The further studies have shown that the use of hydrophobic binder, SBR, instead of hydrophilic starch in amount of 10% improves durability of the pellets both in dry and wet state (Figure 2).

Figure 2: Durability of dry and wet pellets containing 10% SBR as binder.

However, the use of small amount of hydrophobic binder only slightly improves the fuel properties of the pellets after storage in atmosphere of humid air. To prevent sorption of water vapor and enhance the durability and fuel properties of solid biofuel, the fuel pellets containing hydrophobic binder were additionally coated with hydrophobic melt of PEW having an increased calorific value, Qo = 43 MJ/kg [16-18]. Thus, especial pellets (EP) have the core-shell architecture (Figure 3), where the core contains compacted biomass and hydrophobic binder, whereas the shell consists of hydrophobic and combustible plastic.

Figure 3: Core-shell architecture of especial pellets.

These especial pellets are characterized by low hydrophility, high durability in dry and wet conditions (Figure 2), as well as by high fuel properties (Table 3, Figure4).

Table 3: Fuel characteristics of especial pellets*

Biomass

Binder

Shell

Qo, MJ/kg

ED, GJ/m3

CW

SBR

PEW

25.73

(25.52)

18.01

(17.90)

OP

SBR

PEW

27.52

(27.20)

19.26

(19.04)

*Note: the fuel characteristics in humid conditions are shown in brackets

As a result, the energetic features of especial pellets become comparable with those of fossil coals (Figure 4).

Figure 4: Energetic features of especial pellets in comparison with bituminous coal of high quality (BCH) and average quality (BCA).

Conclusions

It was found that olive pomace can be a promising alternative natural source for the production of high-quality fuel pellets. The fuel pellets made from plant biomass and hydrophilic starch binder have an increased hydrophility. As a result, after storage of these pellets in the humid atmosphere, an appreciable decrease in fuel characteristics and durability was found. The use of hydrophobic binder instead of hydrophilic starch, promotes to obtaining improved pellets having high durability in dry and wet conditions; however, only slight improvement of the fuel properties of these pellets in the wet conditions was observed.

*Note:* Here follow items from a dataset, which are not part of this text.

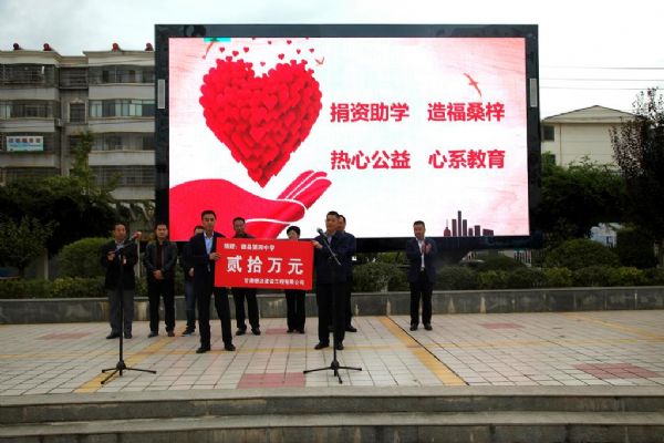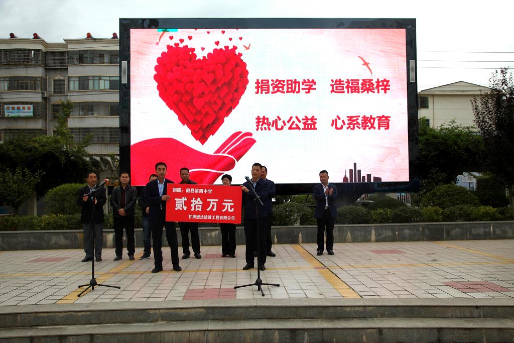 9月26日,“情系家鄉(xiāng)建設 共謀教育發(fā)展”公益助學捐款儀式在徽縣四中隆重舉行。縣委、縣政府、縣教育局有關領導及四中全體師生參加捐款儀式,公司總經理封曉成、副總經理尹向宏出席捐款儀式。
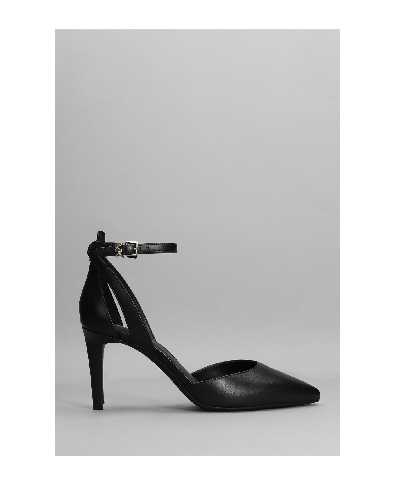 Mirabel Pumps in black leather, pointed toe, ankle strap, heel 90 mm, 100% leather, Made in Vietnam
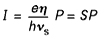 Le coefficient de conversion S est usuellement de l’ordre de 0,7 ou 0,8 A/W. Le terme η, inférieur à l’unité, traduit le fait que dans un photorécepteur, tous les photons incidents ne donnent pas naissance à un électron : η = 0,8 signifie, par exemple, qu’en moyenne 80 % des photons incidents donnent naissance à des électrons dont le flux constituera le photocourant.
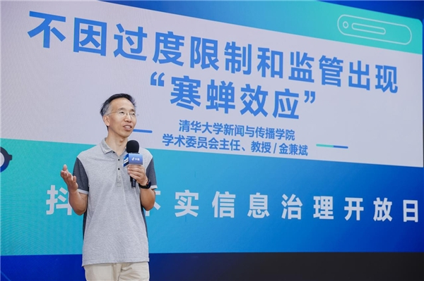 (清华大学新闻与传播学院学术委员会主任、教授金兼斌演讲)
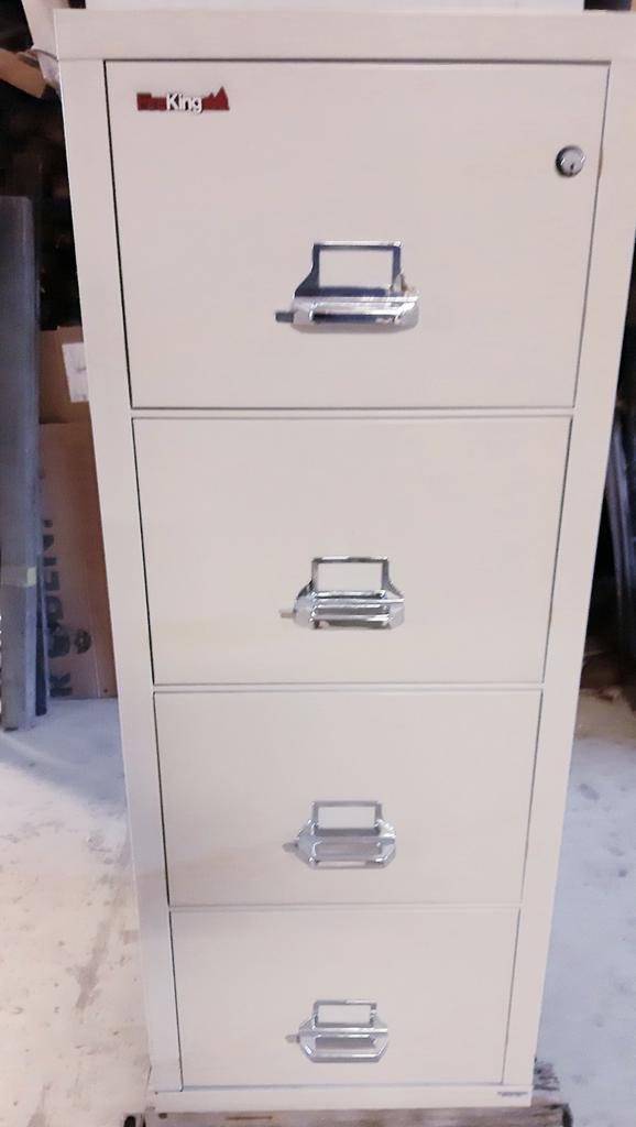 Fire king fk4 - 21 , 4 ladenkast, brandwerend en inbraakwerend. Inclusief sleutel. 7 Stuks beschikbaar. In zeer goede staat. Prijs per stuk. Heftruck aanwezig, kast weegt ongeveer 240 kg staat reeds oZo goed als nieuw Ophalen
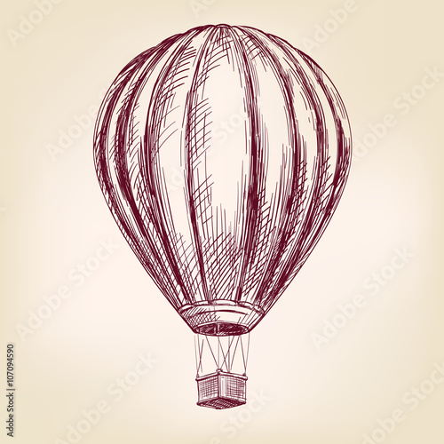 Obraz premium Hot air balloon, airship or transport hand drawn vector illustration realistic sketch

To significantly increase the various features of the solid biofuel, the core-shell architecture for especial biomass-based pellets was proposed, where the core contains compacted biomass and hydrophobic natural binder, whereas the shell consists of hydrophobic and combustible plastic. As a result, the hydrophobity and durability of the fuel pellets increases, whereas energetic features of these solid biofuels become comparable to those of fossil coals.